File this story under “Grizzly Moms”.

How’s this for an in-kind contribution: “One time when we were in Canton, Okla., speaking to the PTO moms, they gave us a basket of homemade bread and jams and all kinds of stuff!” Jenni White, the leading activist calling for the repeal of Common Core in Oklahoma, told National Review Online. “We were in heaven!”

White has spent the past four years telling Parent Teacher Organizations and anyone else who would listen that Oklahoma should not implement Common Core, the education standards that most of the country adopted in 2010.

She hasn’t been working alone. “Our organization is made up of a board that just consists of four of us moms basically,” White says, referring to her cohorts Julia Seay, Lynn Habluetzel, and Joy Collins. “We have bankrolled the whole thing out of our poor husbands’ bank accounts.”

Ask anyone in Oklahoma politics who they think led the successful fight to repeal Common Core — Governor Mary Fallin signed the repeal into law on June 5 — and they’ll tell you that the story starts with this foursome.

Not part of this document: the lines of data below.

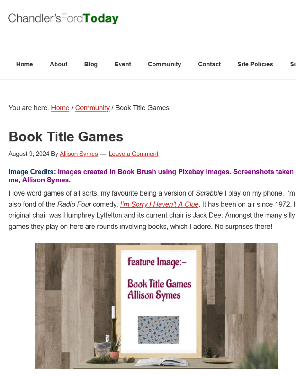 Allison Symes shares her Facebook author page blogs, her website posts and Chandler's Ford Today magazine articles with links. She also blogs about her writing journey and shares thoughts and hints on flash fiction.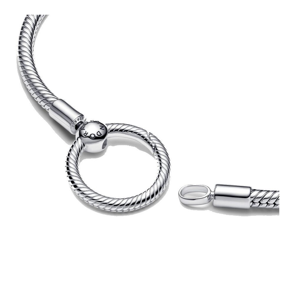 Bracciale realizzato in argento sterling 925, la nuova versione di questo amatissimo gioiello presenta l'iconico motivo a maglia snake di Pandora ed è completata da una chiusura rotonda. La chiusura può contenere fino a due pendenti e ruota per aggiungere un tocco di movimento dinamico. Abbina questo bracciale iconico ai tuoi charm preferiti e crea un look personalizzato.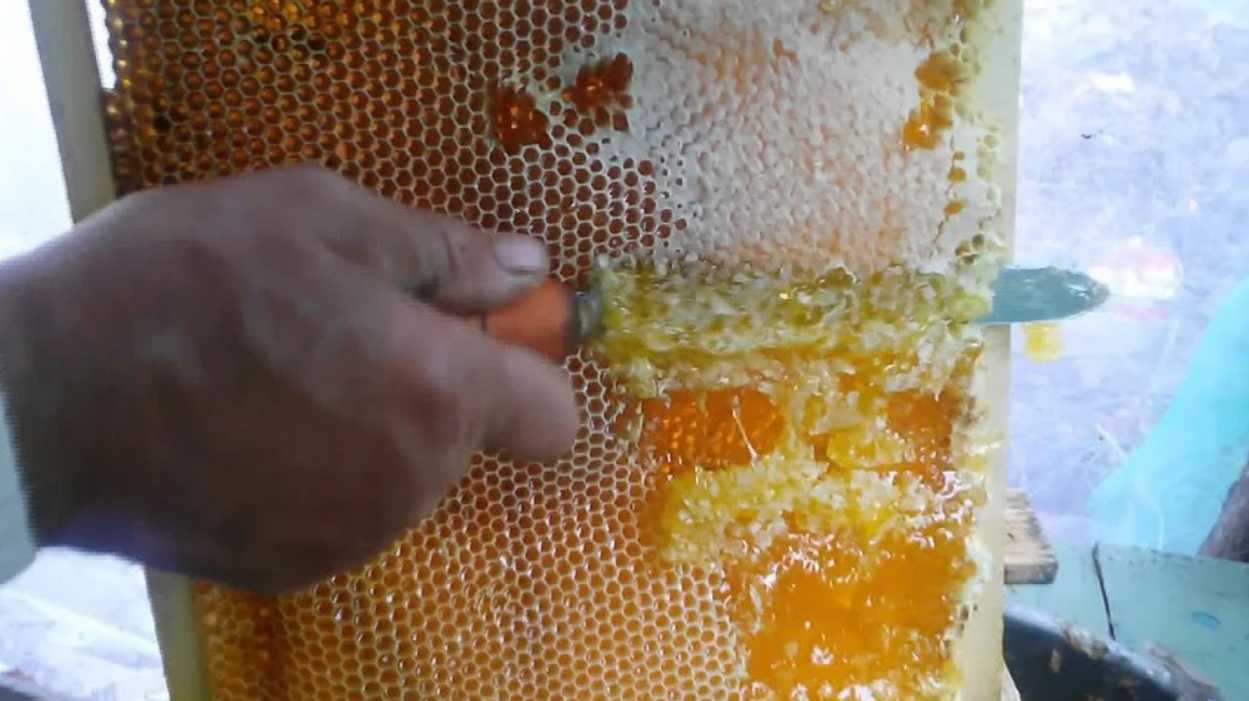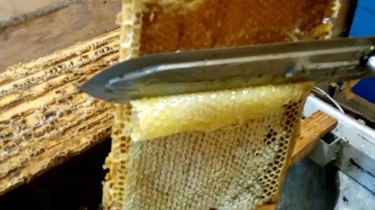 После изъятия всех рамок, улей прикрывают. Ножом обрезают верхнюю часть ячеек. Чтобы облегчить работу, нож можно нагреть. Освобожденные от насекомых соты отвозятся на место, где будет происходить откачка.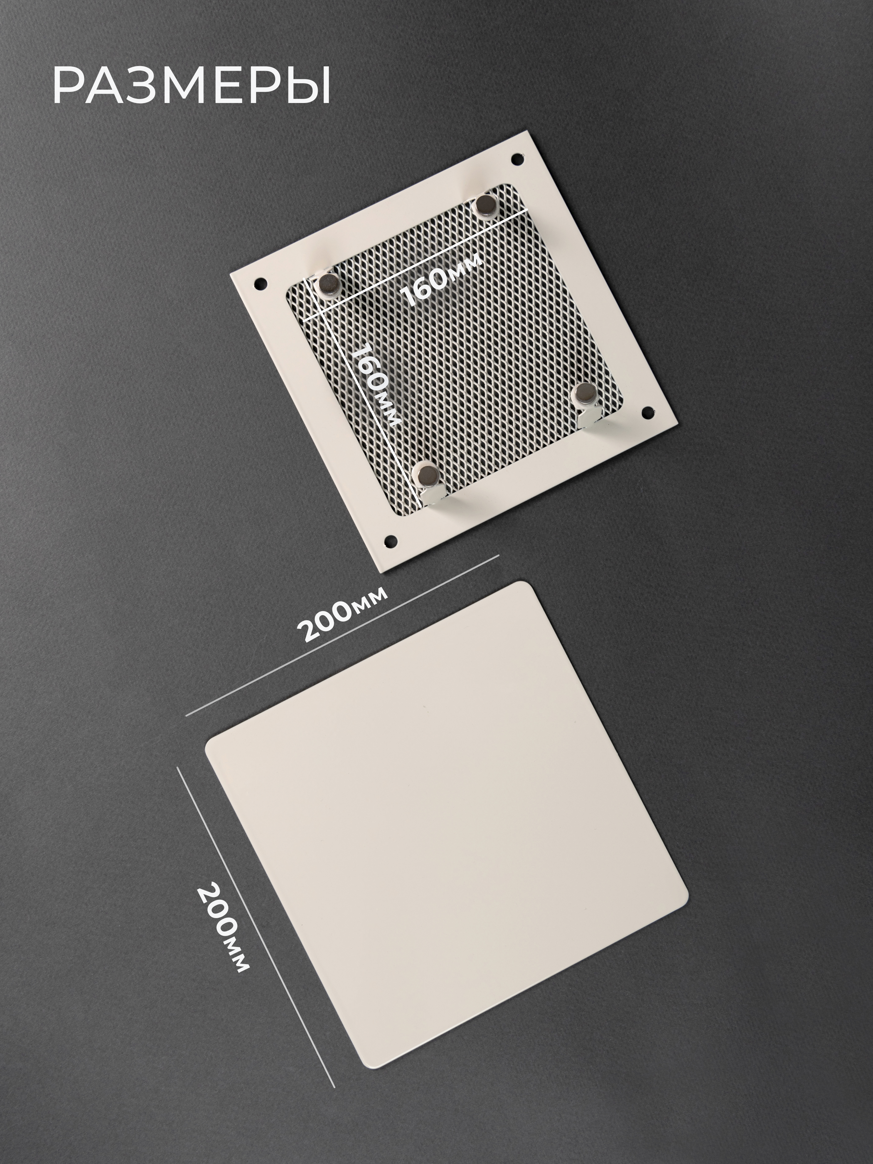 Данная идея воплощена во многих современных вентиляторах и диффузорах. Внешний размер данной решетки 200 на 200 мм. Декоративная панель отстоит от рамки на 20 мм. Подойдет для отверстий размером не более 160 х160мм и круглых отверстий не более 160мм в диаметре.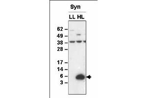 Crossreacts with HliA and HliB from Synechocystis sp. PCC 6803. These two proteins can be separated by high-resolution gel electrophoresis.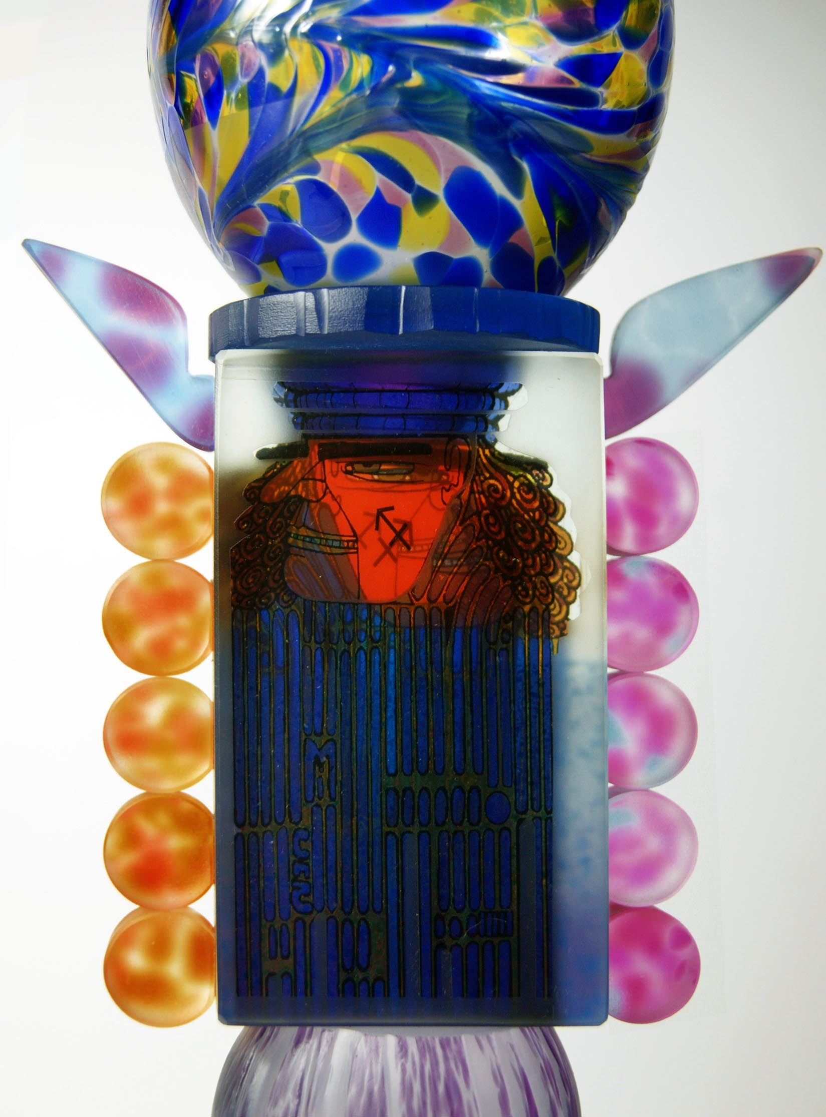 rzeźba szklana unikat (szkło sodowe dmuchane, szlifowane, cięte piłą diamentową, piaskowane), wykonanie z zastosowaniem techniki własnej (dotyczy to motywu graficznego zamkniętego w szkle), sygnowana,wymiary: wysokość 41 cm, średnica 15,5 cm, waga 2,6 kg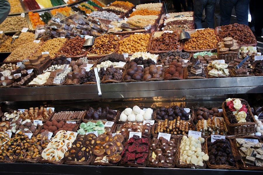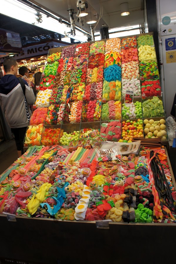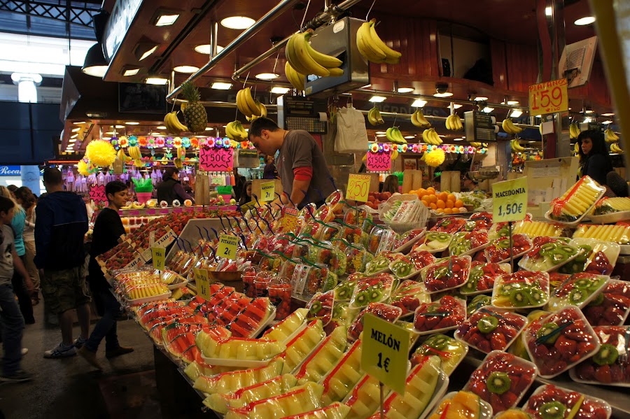 Chocolates, dulces, carnes, ensaladas, especies, pero lo que más me gusta de La Boquería son sus frutas, la venden entera, troceada, en helados, en coloridos zumos.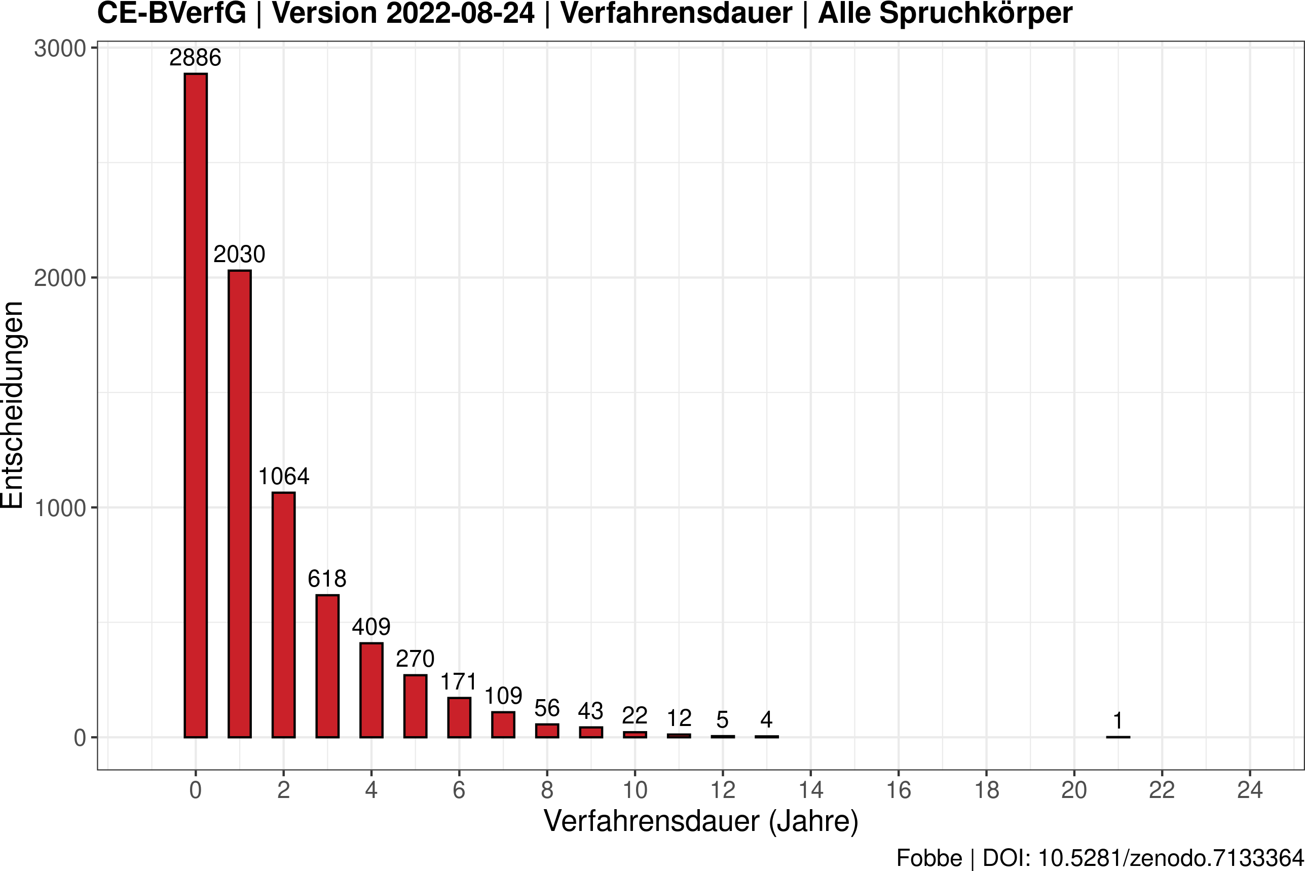 In December I published an analysis of the length of proceedings before the German Federal Constitutional Court (BVerfG) in RECHTS|EMPIRIE, a German science blog. The links in the info box above will direct you to the original text of the article and the source code (in R). Below is an English summary.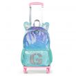 Eazy Kids 17" Set of 4 Backpack w/4 Wheel Trolley, Lunch Bag and Pencil Case - Girl Glitter Green

White served as the writer and spokeswoman for the group, which operates under the auspices of their LLC, Restore Oklahoma’s Public Education (ROPE). Together, the women have spent the past four years talking to Republican-party leaders, attending conservative conferences, and lobbying state legislators. Most of all, though, they cultivated a grassroots political movement against Common Core that overcame a bipartisan coalition ranging from the Department of Education to the Chamber of Commerce. By May 2014, a poll conducted on behalf of a Republican candidate showed that 57 percent of likely primary voters held an unfavorable view of the standards while only 9 percent had a favorable view.

In short, the four moms fought the proverbial city hall and won. “Look at Eric Cantor, seriously,” White suggested. “Some guy who had $300,000 beat him. You don’t think that kind of thing is possible when people have had enough?”

Like the immigration issue that contributed to the House majority leader’s loss last week, Common Core finds favor among political elites on both sides of the aisle and gets little affection from the conservative GOP base. White’s analogy to Cantor’s surprising defeat is also apt because the backlash against Common Core grew while the political class had its attention elsewhere.